Scope
This is Part 4 of a white paper intended to provide a brief overview of lessons learned in creating robust systems over the past 35 years of embedded systems development (starting with the Intel 4040). This part will address guidelines for referencing I/O for reliable and robust operation. These guidelines are most applicable to systems where an errant output would create irreversible or catastrophic results (shut down a power plant, cause someone’s heart to stop, etc). These systems usually require redundant I/O in hardware and careful systems and software design to prevent single point failures.
Limit the availability of I/O to be accessed from all places
The goal with these guidelines is to prevent runaway software from accidentally triggering I/O. Many embedded systems could care less about this.

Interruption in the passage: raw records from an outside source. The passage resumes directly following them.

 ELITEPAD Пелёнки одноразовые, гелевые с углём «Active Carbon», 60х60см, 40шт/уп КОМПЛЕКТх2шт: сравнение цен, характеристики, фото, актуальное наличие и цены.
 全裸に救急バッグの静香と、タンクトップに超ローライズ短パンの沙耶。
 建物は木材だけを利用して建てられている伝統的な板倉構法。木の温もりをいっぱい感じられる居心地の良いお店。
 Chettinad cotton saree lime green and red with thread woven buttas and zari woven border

Errant I/O will do no harm in most systems. But sometimes the outputs are critical and can cause problems or in other cases the software can actually harm the hardware with improper ordering of I/O instructions.
I have to admit that although this is a guideline that we generally follow, when we did not follow it, it has never (to our knowledge) gotten us in trouble.

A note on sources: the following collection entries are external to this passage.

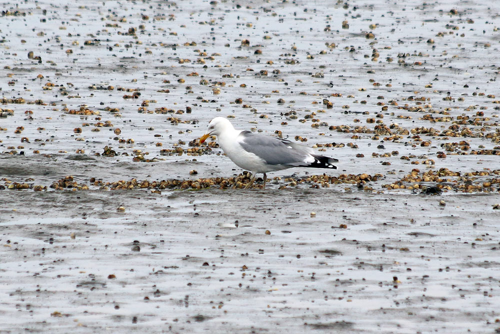 Eine Silbermöwe auf der Suche nach schmackhaften Herzmuscheln.
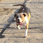 Krótka sierść, biało ruda, białe pazury, średnia wielkość, ma na sobie szare szelki i obrożę z pomarańczowym znacznikiem. Bardzo przestraszona
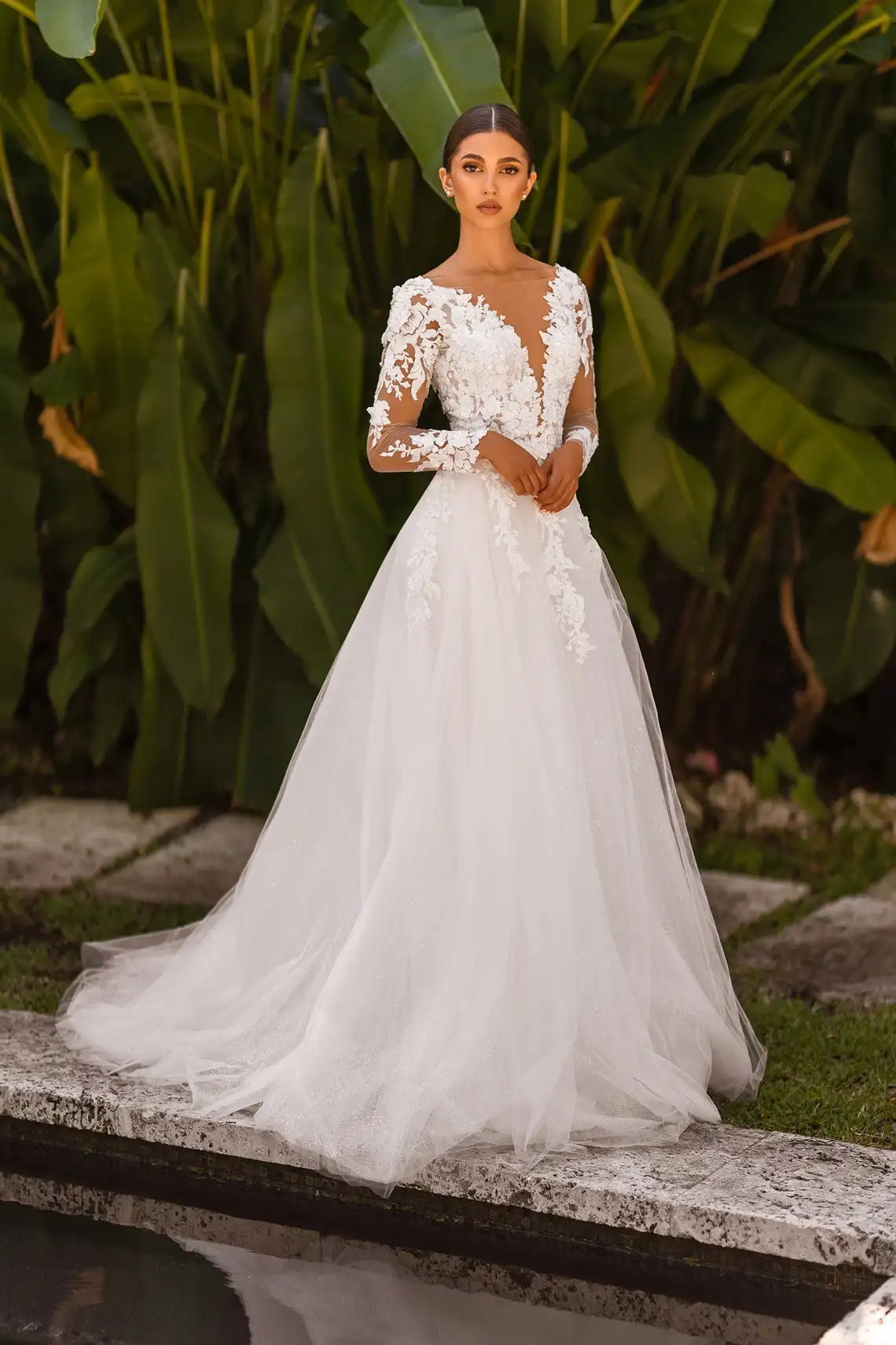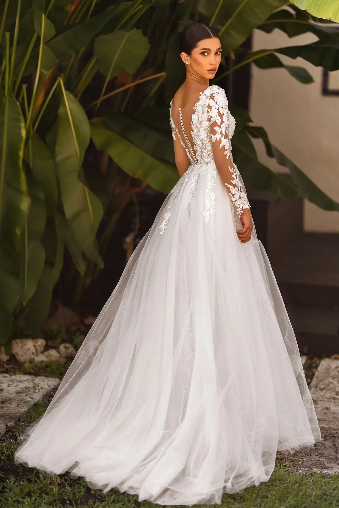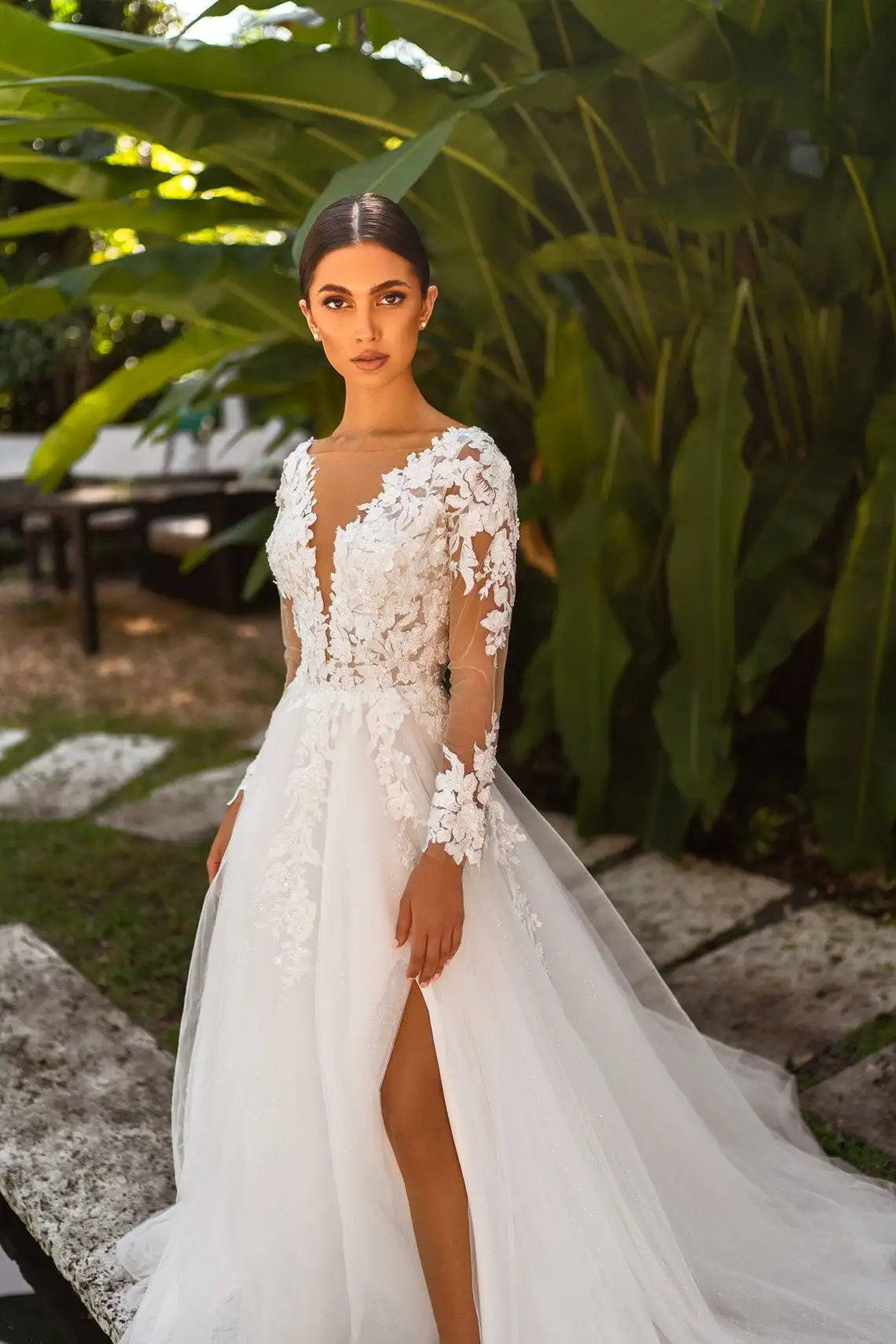 Романтическое кружевное свадебное платье цвета слоновой кости из тюля с длинными рукавами, 2021, ТРАПЕЦИЕВИДНОЕ, с разрезом, свадебное платье Макси
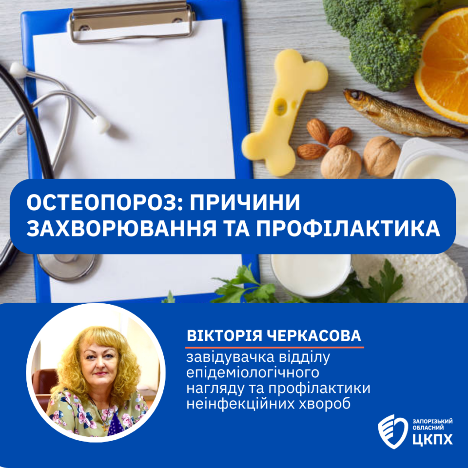 Сьогодні у Всесвітній день боротьби з остеопорозом, поговоримо про причини захворювання та профілактику цього поширеного захворювання. Роз’яснює Вікторія Черкасова, завідувачка відділу епідеміологічного нагляду та профілактики неінфекційних хвороб, дізнаємось з наступного матеріалу.

Most modern OS’s give us this protection. But many of us are still writing robust embedded systems for DOS and other microprocessors with not operating systems so this is still an issue. Even with systems without OS’s, there are still tricks that can be done to prevent accidentally outputting the wrong data or at the wrong time. Even when using OS’s with address and I/O protected spaces, kernel space software usually has no protection and all I/O can be referenced at all times.

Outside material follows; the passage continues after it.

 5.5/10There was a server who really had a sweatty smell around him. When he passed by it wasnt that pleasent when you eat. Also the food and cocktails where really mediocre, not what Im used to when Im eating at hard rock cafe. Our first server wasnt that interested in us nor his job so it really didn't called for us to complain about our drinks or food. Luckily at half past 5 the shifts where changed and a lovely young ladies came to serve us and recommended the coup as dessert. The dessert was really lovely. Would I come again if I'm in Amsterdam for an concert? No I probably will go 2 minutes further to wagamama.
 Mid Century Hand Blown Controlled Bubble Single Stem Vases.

… we need help from the hardware folks to create some sort of hardware interlock.
None of these techniques are fool proof. But they can, in the right combination, reduce the probability of harmful occurrences to almost zero.
If the output of a particular signal is very serious, we need help from the hardware folks to create some sort of hardware interlock. Basically, without the hardware interlock set, the software cannot output the critical output. In areas of ultra critical outputs, the hardware interlock should be provided in hardware. With slightly less critical outputs, the interlock can be provided with a separate software controlled signal. In developing software controlled critical outputs it should always take two instructions to create the output (or two functions). If possible (because you thought about this at systems design), the first one should “arm” the output with a hardware interlock. If possible, the output instructions should be as dissimilar as possible (either in addressing or operation). We have done this when we put software in the loop for nuclear safety, for armament systems, for fly-by-wire guidance systems or even for managing data that absolutely cannot be lost.
Other I/O is less critical but perhaps can create minor problems or nuisances. Basically we can use the same technique but use a software interlock. You start by limiting the number of instructions that actually write to the I/O. Then provide two calls to actuate the output. It doesn’t provide a lot of protection to follow these guidelines and then write the code:
armTheOutput(23);
triggerTheOutput(23);
Errant or run away software can just as easy jump to this code. Adding a parameter will provide some protection. But it is better if the application can arm and trigger in as separate a way as possible.
… verify by analysis that you did it right and then actually test it.
And then, when all is done, don’t do as we did and not provide some sort of check that the arming mechanism (either software or hardware) is always armed. One time we designed such a mechanism and found that the hardware “arming” mechanism was always set. Paraphrasing Bob Vila[1] “Verify twice and cut down on bugs.” In other words, verify by analysis that you did it right and then actually test it.
Finally, as is imposed by a number of operating systems, have all I/O go through kernel level drivers. If allowed by the operating system and hardware, limit the I/O space of each kernel level driver.
[1] “Measure twice and cut once”